Status of computational work

The results/ and figures/ directories were cleared on handoff so the cluster run is the canonical source. Phases to run on the cluster:

Phase Command Approx cluster wall-time at 40 parallel jobs
2 - Native metrics bash scripts/cluster_submit.sh native 30-60 min
4 - Matched at 8nm bash scripts/cluster_submit.sh matched 15-30 min
5 - Degradation (Chemical only) bash scripts/cluster_submit.sh degradation 30-90 min

After cluster jobs finish, run locally:

  • python -m scripts.summarize --prefix native
  • python -m scripts.stats
  • python -m scripts.make_figures --prefix native

Phase 6 (anatomy-matched filtering) auto-activates from crop_annotations.csv. The 10 cortex crops are still pending expert annotation. Once they land, re-run the summary and figure scripts to pick them up — no recompute of the per-crop CSVs is needed.

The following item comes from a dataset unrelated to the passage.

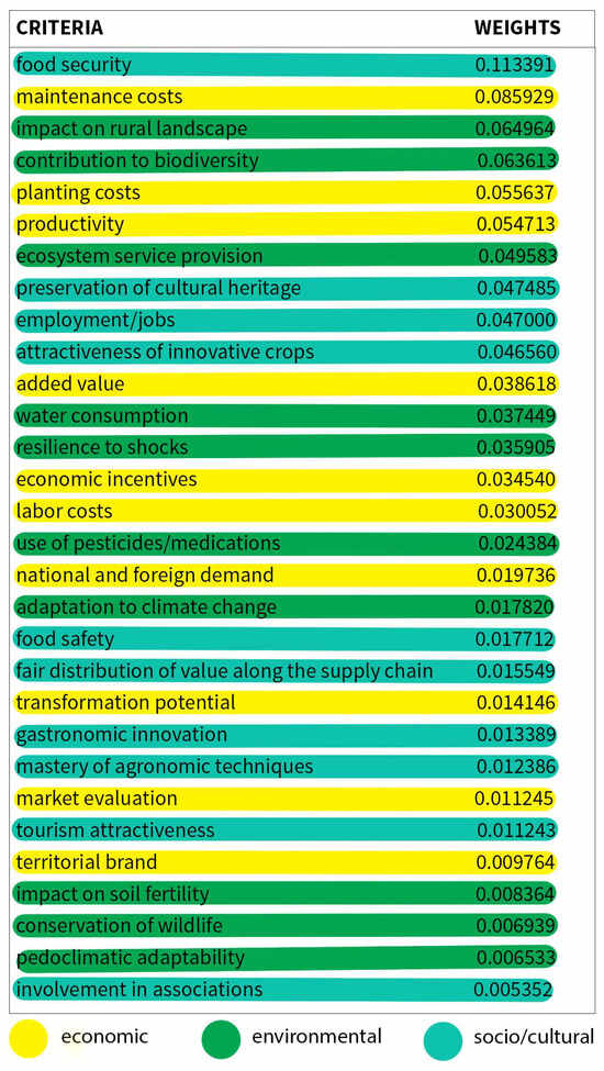 Specifically, among the 30 sub-criteria assessed, food security (socio-cultural dimension) was ranked highest. This outcome reflects the experts’ focus on ensuring continuous, reliable access to sufficient and nutritious food in response to the disruption caused by the Xylella fastidiosa epidemic, which significantly compromised the traditional local agri-food systems. Ranked second was the maintenance costs criterion (economic dimension), defined as the expenses incurred by farmers to maintain optimal production conditions, including water management, fertilization, pesticide applications, and harvesting practices. The prominence assigned to this factor highlights the importance attributed by experts to the economic feasibility of alternative crops, particularly given the relatively low operational costs historically associated with olive cultivation. In third place, experts positioned the impact on the rural landscape (environmental dimension).

Headline scientific finding so far

In Liver (n=7 Chemical, n=10 HPF), Chemical fixation shows:

  • ~5x more ECS volume fraction (Cliff's delta = +0.83, p = 0.003)
  • ~3x higher SA:V ratio (Cliff's delta = +0.86, p = 0.002)
  • ~2x larger ECS channel widths
  • 3x higher cell density at the per-crop scale

The Liver Chemical crops are at 4nm and HPF at 8nm. The matched- resolution (8nm) re-run shows SA:V essentially unchanged (ratio ~1.00), ECS width changes <2nm, and Voronoi gap shifts upward by 5-19nm. So the Liver Chem-vs-HPF difference is not explained by the 4nm-vs-8nm resolution gap.

The same direction holds in 3 of 4 anatomy-matched groups (bile canaliculus, DCT base, hepatocyte lateral). The glomerular group flips direction (HPF > Chem) but the HPF n is 1.

Known caveats

  • Voxel-size confound: every Chemical crop is 2nm or 4nm; almost every HPF crop is 8nm. The matched and degradation runs are designed to address this. See ecs/config.py constants for tunable smoothing/threshold parameters.
  • bm annotation is inconsistent across preps: 4 Kidney-Chemical crops have bm separately labeled; HPF kidneys have bm=0 even though the basement membrane is physically present. We assume HPF rolled bm into ecs at annotation time. Worth confirming with the annotators.
  • Cortex Chemical is at 2nm, finest in the dataset, but small crops (often <500nm cells, dominated by cell-fragment statistics).